• INFORMATION PROVIDED:
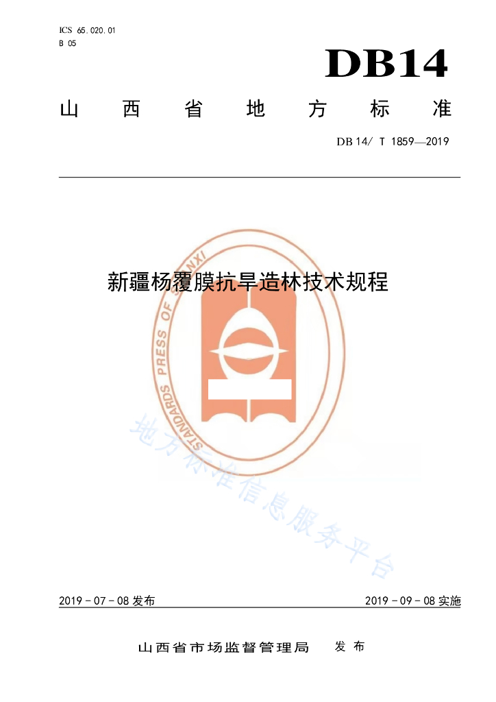 DB14/T 1859-2019 新疆杨覆膜抗旱造林技术规程
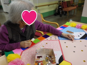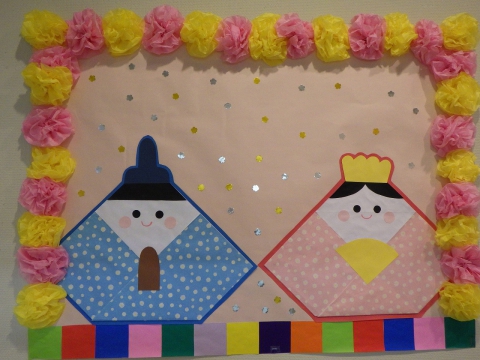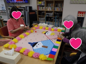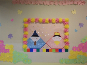 こんにちは(^o^) 節分が終わり、 次は『ひな祭り』!(^^)! お帰り前の時間に お客様に協力していただき 沢山のお花を作ったり、ハサミ作業をして お雛様の壁面が完成しました(^_^)v 完成した壁面を見て お客様・職員は 「かわいいのができたね♡」と 一緒に喜びました(^^♪
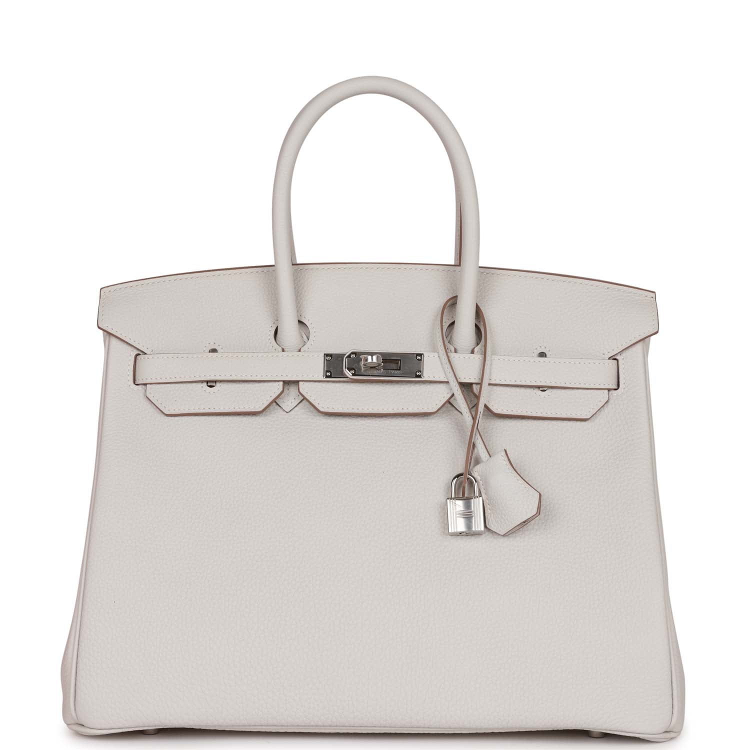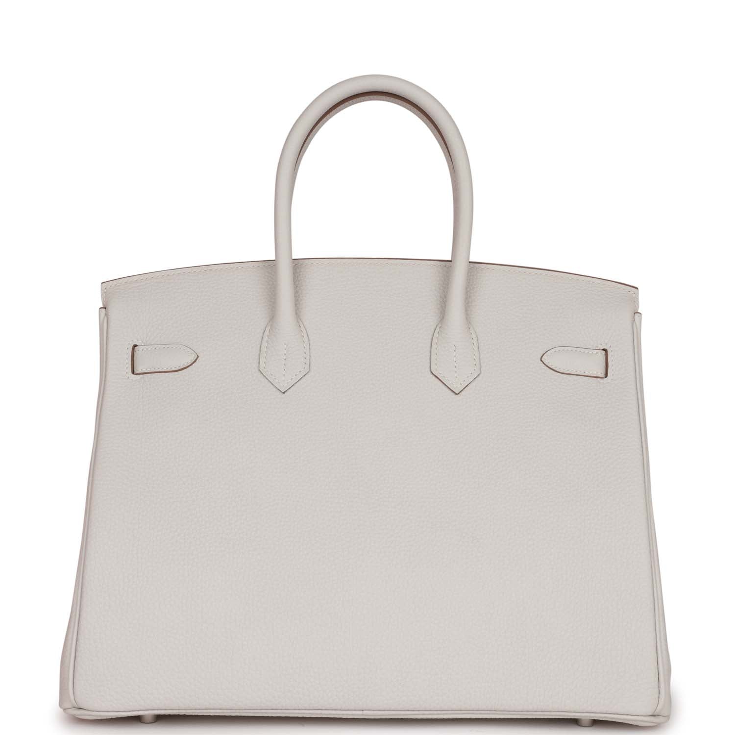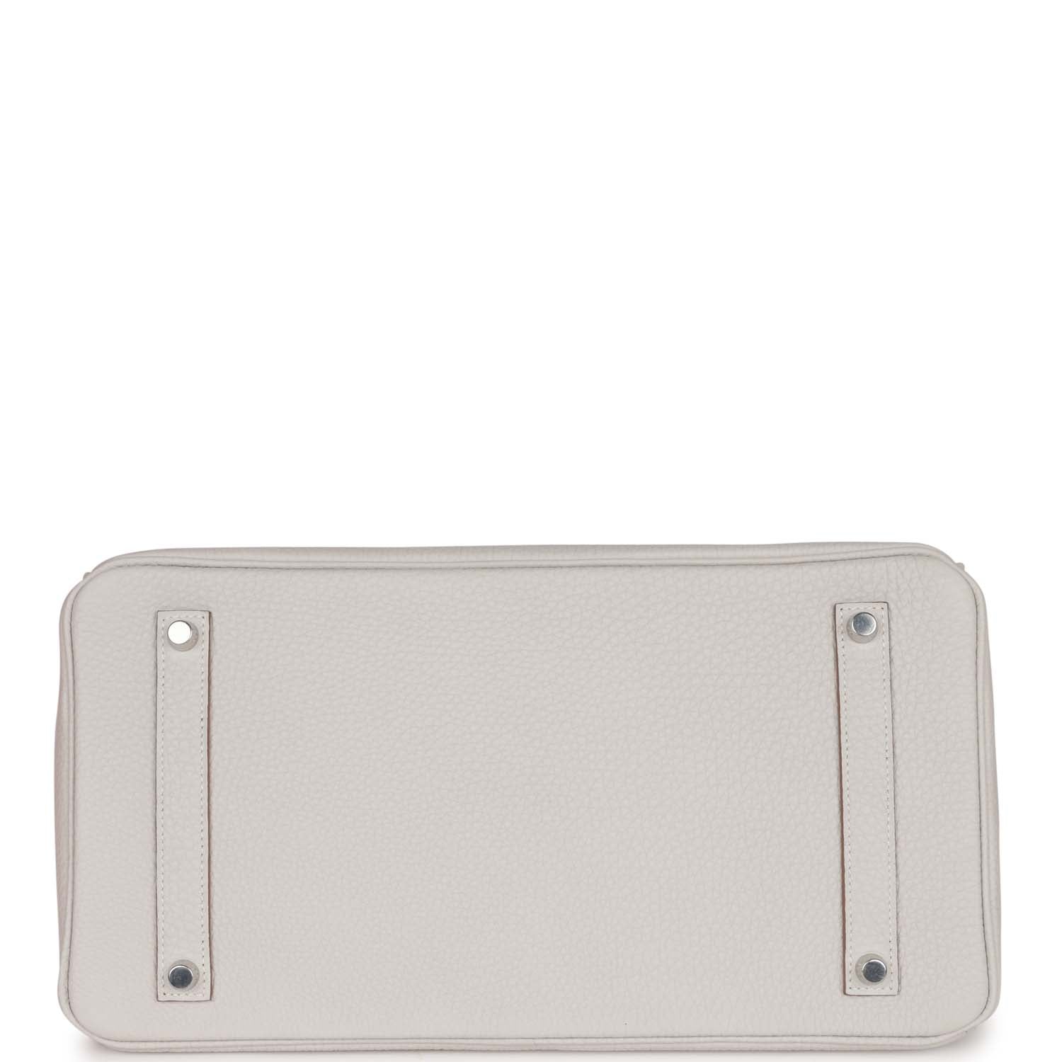 This Birkin is in Gris Pale togo leather with palladium hardware features tonal stitching, front flap, two straps with center toggle closure, clochette with lock and two keys and double rolled handles.

• TASK TO COMPLETE: Return the material verbatim; the images are not to appear in the copy.

• COMPLETED EXERCISE:
 DB14/T 1859-2019 新疆杨覆膜抗旱造林技术规程
 こんにちは(^o^) 節分が終わり、 次は『ひな祭り』!(^^)! お帰り前の時間に お客様に協力していただき 沢山のお花を作ったり、ハサミ作業をして お雛様の壁面が完成しました(^_^)v 完成した壁面を見て お客様・職員は 「かわいいのができたね♡」と 一緒に喜びました(^^♪
 This Birkin is in Gris Pale togo leather with palladium hardware features tonal stitching, front flap, two straps with center toggle closure, clochette with lock and two keys and double rolled handles.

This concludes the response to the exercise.